David Hollingworth, associate director at L&C said that homeowners reeling from higher mortgage rates and the rising cost of living would “find little comfort” in today’s hike but there had been a “positive shift in fixed rates”.

He said this would help borrowers lock down mortgage payments at a more “palatable level” than in the aftermath of the mini Budget when rates breached six per cent.

Hollingworth continued: “As we return to a higher rate environment borrowers will increasingly face the dilemma of whether to fix or track and for how long. No one knows what will happen with interest rates, so advice will help to spell out the various options for borrowers.

“There’s likely to be more competition in the market which could help improve the range of mortgage options but borrowers need to look not only at rate but also continue to factor in the fee package as a whole. “

“Those that took a holding position or risk falling onto a SVR should review, as the margin between SVR and fixed rates has already widened even before today’s rate announcement.”

 

‘Rock-bottom rates of the past are long gone’

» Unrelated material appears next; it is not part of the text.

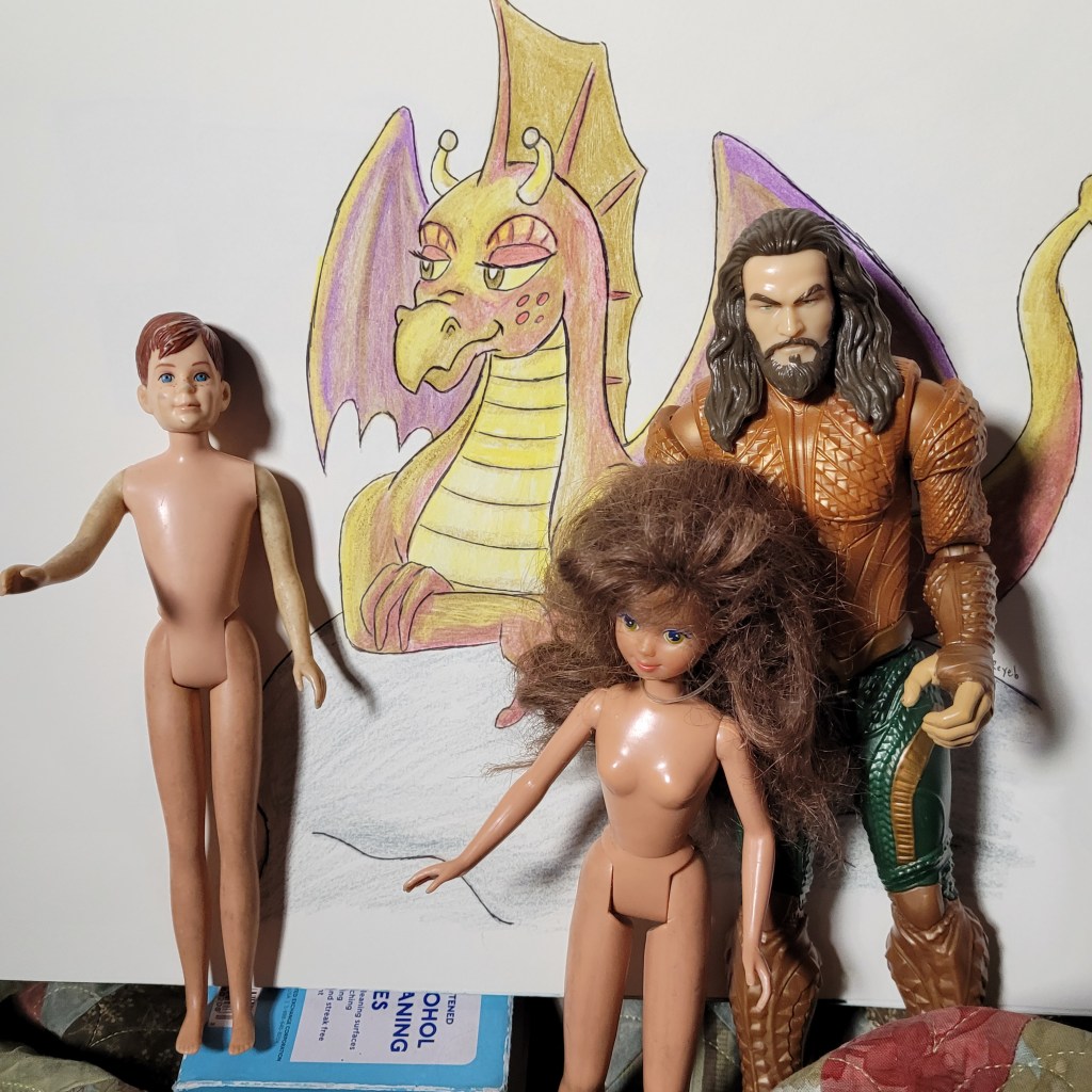 “Some dolls in the collection are nudists. Ricky, a Barbie child from the 60s, cost Mickey $12 on E-bay. Any wearable clothing from the same period was more than twice what the doll cost… just for pants! Tammy, another old doll bought from the fifty-cent bin at Goodwill, could only fit rare Skipper and Francie togs that were way too costly. So, nudists! They have not worn any clothes for the ten years Mickey has owned them both. Aquaman here is also nude and his clothing is carved right on his skin. He cannot wear clothes made of cloth.”

Tomer Aboody, director of property lender MT Finance, said that although borrowers would feel rate rises were “coming thick and fast” it would hopefully “succeed in getting double-digit inflation under control quicker”.

He continued: “The Prime Minister and his team will then need to come up with some stimulus to turn up the economy and ensure the hurt isn’t long term. Borrowers will have to come to terms with the new norm, which is higher interest rates, as the rock-bottom rates of the past are long gone.”

Aboody added that as rates rise and the cost of living increases, the “negative impact on the housing market is inevitable”.

“Given the importance of the housing market to the wider economy, the government needs to provide some form of assistance to stimulate the market. This could take the form of a restructure of stamp duty or some form of mortgage interest tax relief to alleviate some of the many stresses that borrowers will face in coming months.”